A number of stories about what sparked the brawl are around, from Arsenal players being annoyed at the leather purses their opponents gave them as gifts to the scaps of food the north Londoners are said to have been given compared to the banquet Lazio enjoyed.

However, talkSPORT is going with Frank McLintock’s account, which saw Ray Kennedy, who recently died after a battle with Parkinsons Disease, at the heart of it all.

The former captain begun by labelling the event a ‘ridiculous obligation’. McLintock said: “The fact that there’d been so much argy-bargy in the game meant that the atmosphere in the restaurant was positively hateful.

“Peter Storey was still seething from Lazio’s rough-house approach and he was chuntering away: ‘We’ll f***ing get them back, we’ll f***ing do them,” noting the temperature in the Italian capital added to the edginess.

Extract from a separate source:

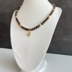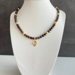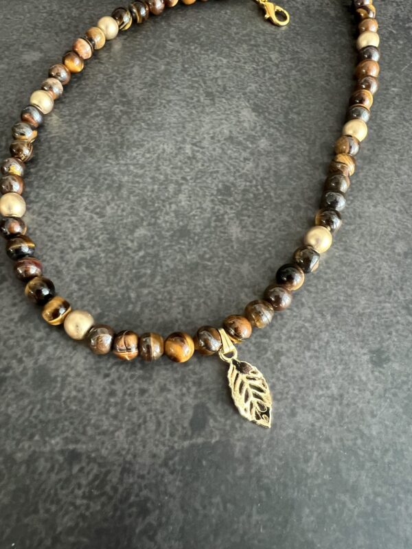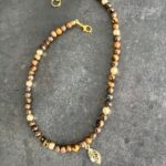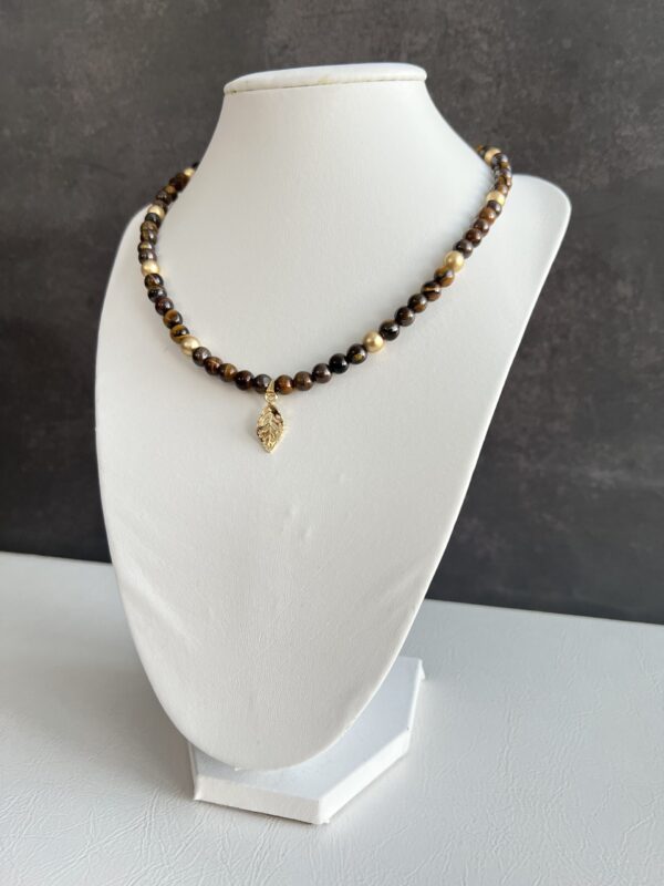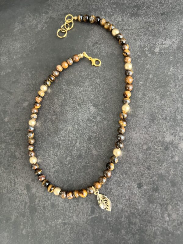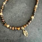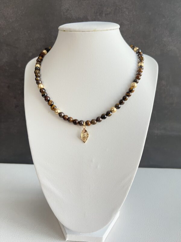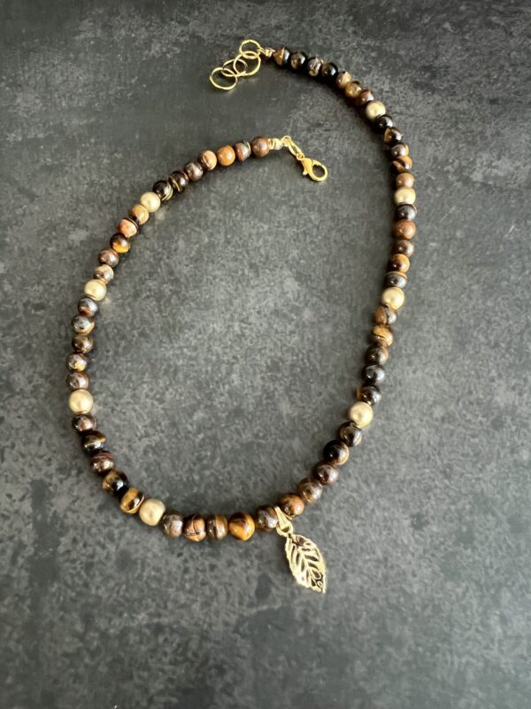 שרשרת חרוזי עין הנמר בשילוב חרוזי המטייט מוזהבים עם תליון עלה מוזהב.

Arsenal’s team of the 70s were a tight bunch and won the league and cup double
Arsenal’s team of the 70s were a tight bunch and won the league and cup double
Getty

“Eventually Ray Kennedy and Sammy Nelson went outside to grab some fresh air and they encountered Lazio’s centre-half. I’ve said it before that Ray was very stoical when it came to punishment on the pitch. He took kicks and never rose to provocation.

“Off-field he would have fought his granny, so when words were exchanged between him and the big Roman and his opponent attempted to knee him in the ball, Ray twatted him.

“Consequently, a huge brawl erupted, involving not only Ray and the Lazio player but also some Lazio supporters outside the restaurant who quickly piled in to help their centre half.”

McLintock even said manager Bertie Mee got involved until the police broke it up.

Battered, bloodied and there was Kennedy – likened to Rocky Marciano by Liverpool legend Bill Shankly – at the heart of it with the black eye to go with it. Lazio, meanwhile, were beaten 2-0 in the return leg.

It clearly had a lasting effect on the players because by the end of the season Arsenal were league and cup double winners, with Kennedy scoring at White Hart Lane to clinch the title in front of sobbing Tottenham fans.